Иван Вазов - Повести и рассказы
Одно только повергало в изумление каждого при первом знакомстве с Селямсызом: это его прозвище. Святой Харалампий! Ну, какой же он был Селямсыз?[11] Человек, имеющий четырнадцать душ детей, который заигрывал с молодыми женщинами и приветствовал решительно всех, кроме Варлаама Тарильома — и то не почему-нибудь, а только потому, что они друг друга терпеть не могли, — человек, не пропускавший ни одного встречного, не сказав ему «доброе утро», «добрый день» или «добрый вечер» (в последнем случае он всегда глядел на солнце, чтобы не ошибиться), — такой человек звался Селямсызом, так же как сосед его — человек столь почтенный — носил легкомысленное прозвище Тарильома! Увы, нет правды на свете, и справедливо поступил незабвенный наш Пишурка{45}, воспев в небесном гимне отсутствие на земле той приятной особы!
А как страстно любил он приветствовать всех своих приятелей и знакомых! Рассказывают даже такой случай. В одну из критических минут, которых жена его пережила доселе четырнадцать (на этот раз дело было на винограднике), он отправился за бабкой Мюхлюзкой. По дороге в город, к дому почтенной докторицы, он пожелал «добрый день» пятидесяти двум встречным и побеседовал к погоде, дороговизне дров и баранины и о других важных предметах с двадцатью лицами. Вернувшись к себе в виноградник с бабушкой Мюхлюзкой, он обнаружил, что на меже в корзинке уже лежит маленькое божье создание, крик которого восходит к небесам. Счастливый отец дал новорожденному имя Моисейчик — во-первых, потому что оно напоминало о древнееврейском законодателе, найденном дочерью фараона на берегу Нила, в тростниках, а во-вторых, — что важнее — все имена родных были уже разобраны, а из календаря, как делает Иванчо Йота, он своему ребенку имя брать не хотел.

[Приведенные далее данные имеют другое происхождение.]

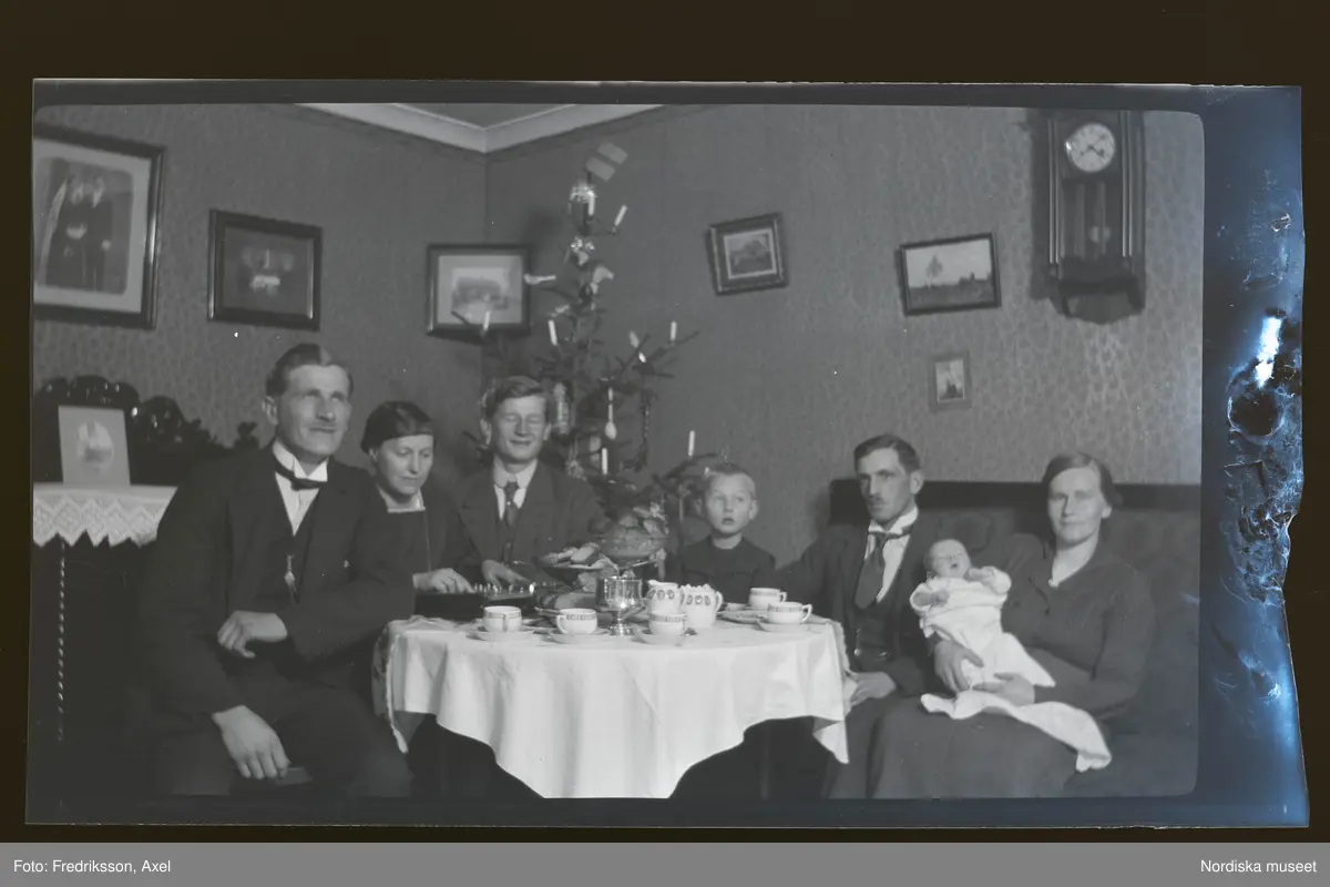 Sällskap samlat runt ett bord dukat med kaffekoppar. I rummet står en julgran.
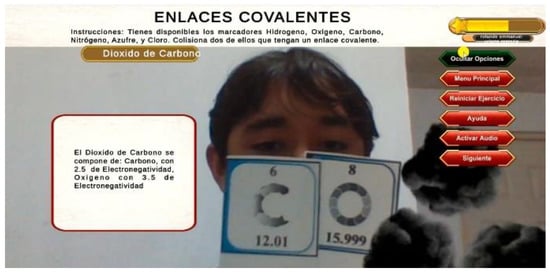 ReAQ provides AR learning activities to cover the main concepts of five topics: (1–3) study of compounds with a covalent, ionic, or metallic bond; (4) acid–base reactions; and (5) the use of chemical elements necessary to sustain life, such as hydrogen or carbon. Students must correctly answer a minimum number of exercises on each topic. Students receive visual feedback when answering each exercise, if the answer is correct the 3D representation of the compound will appear with a short explanation, otherwise a 3D effect will show the problem as it would appear in the real world. ReAQ might provide the necessary conceptual information to solve any exercise if the student requests it (see Figure 1).
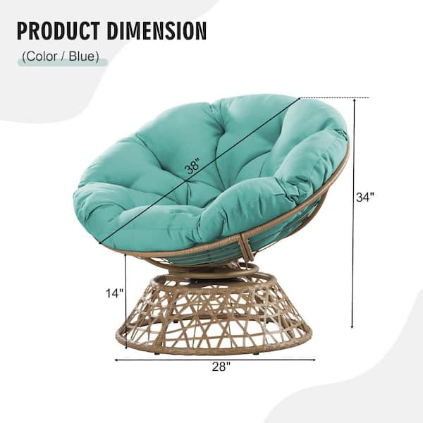 Brown Wicker Outdoor Patio Papasan Swivel Lounge Chair with Turquoise Cushion

Вообще Селямсыз был человек очень разговорчивый. Случится ли, что кто-нибудь его спросит, откуда у него табакерка, пахнущая помимо нюхательного табака еще глубокой древностью, он тотчас расскажет, что она досталась ему в наследство от его отца Ивана, а к отцу перешла от деда, которому была подарена знатной турчанкой Эмине-ханум, женой филибейского паши{46} Арифа, а у деда Хаджи Тодора было двенадцать увратов{47}, засеянных розами, и умер он из-за прыща на носу во время поездки с Нечо Гулебалювом на Неврокопскую ярмарку. И всегда пускался в такие подробности, не щадя собеседника. Особенно любил Селямсыз перечислять о. Ставри, приходившему к нему каждое воскресенье в гости выпить и закусить (о. Ставри один во всем городе мог назвать, не сбившись, подряд имена всего многочисленного потомства Селямсыза), любил, говорю я, перебирать в исторической последовательности имена четырнадцати своих детей.

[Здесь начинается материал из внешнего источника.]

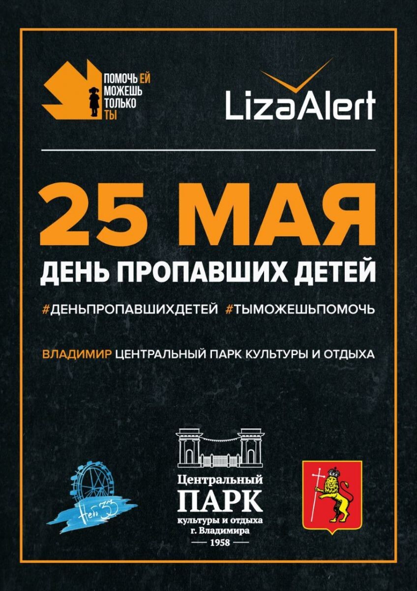 Администрация города Владимира сообщает. В Центральном парке культуры и отдыха областного центра поисковый отряд "ЛизаАлерт" 25 мая проводит акцию, чтобы привлечь внимание к проблеме исчезнувших без вести детей и вопросам их безопасности. К началу каникул, когда дети могут остаться без присмотра, это очень актуально. Каждый год акция проходит по всей стране в День пропавших детей 25 мая. Встреча с волонтерами, которые занимаются поиском детей, состоится с 12:00 до 14:00 в Центральном парке, возле колеса обозрения «Небо33».
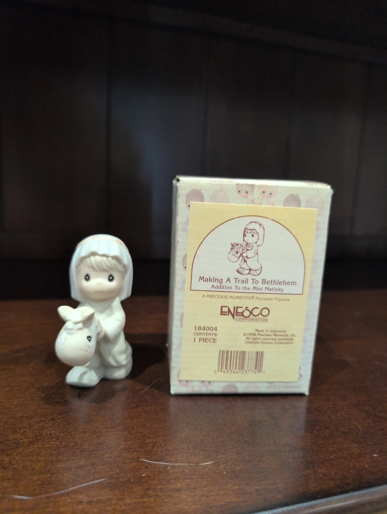 I'm selling a Precious Moments figurine titled "Making a Trail to Bethlehem". It's part of the Addition to the Mini Nativity series. The box is included!
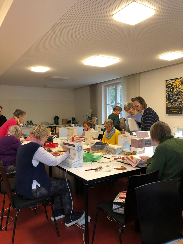Am 14. Jänner 2025 sind wir, die Unterländergruppe, mit vollem Elan in das neue Jahr gestartet. Gisela gab einen Workshop über das Applizieren mit der Maschine. Sie hatte einen wunderschönen Stoff und dazugehöriges Material ausgewählt. Ihr Kurs erfreute sich reger Teilnahme.

— Петра, — говорил он, — окрестил я в честь деда Петра с отцовской стороны; Ивана — в честь моего отца, который умер в чумный год; Кристю — в честь дяди Ставри, брата моей матери; Ставря — по-болгарски Кристю, от греческого ставрос{48}; да я терпеть не могу патрику{49}, ты ведь знаешь.
— Тезки мы с сынишкой твоим, — говорил о. Ставри. — Храни его господь и честной животворящий крест!
— Павла, — продолжал Селямсыз, — окрестил я в честь дяди по отцу — Павла, свата дедушки Постола Измирлии. Параскеву — в честь моей бабки Параскевы, что два раза в Россию пожертвования собирать ходила{50}. Йоту — в честь Хаджи Стояна, дяди моего по матери, умершего в Румынии. Дончо — в честь моего брата Антона. Маноля…
— Эммануила, — строго поправлял о. Ставри: — «И роди сына, и нарече ему имя Эммануил»…
— Эммануила — в честь моего двоюродного брата Маноля — Мануила, что женился на Хаджи Гине, Хаджи-Димовой дочке, которая расстриглась!..
И так далее.
У себя дома Селямсыз был очень хорошим отцом и каждый вечер колотил самых горластых своих ребят — не столько оттого, что они были особенно отчаянными сорванцами, сколько для того, чтобы уязвить отцовские чувства Варлаама, который вот уже двенадцать лет как женат, а не имеет детей, кроме одного-единственного, еще не успевшего появиться на свет! По природной ли склонности, или наперекор отличавшемуся серьезным характером Варлааму, в доме которого всегда царила мертвая тишина, не нарушаемая ничем, кроме бродящей по двору кошки, Селямсыз любил шум, веселье, песни. Почти каждый вечер, выпив как следует, он заставлял кого-нибудь из своих отпрысков спеть ему песню. Особенно нравилась ему песня «С чего начать, любезная моя…» Пискливый голосок приводил его в умиление, глаза его наполнялись слезами, и он, прервав певца, говорил жене:
— Вот, милая, какую раньше люди любовь-то друг к дружке имели: «Любезная моя!» Ну, дальше!..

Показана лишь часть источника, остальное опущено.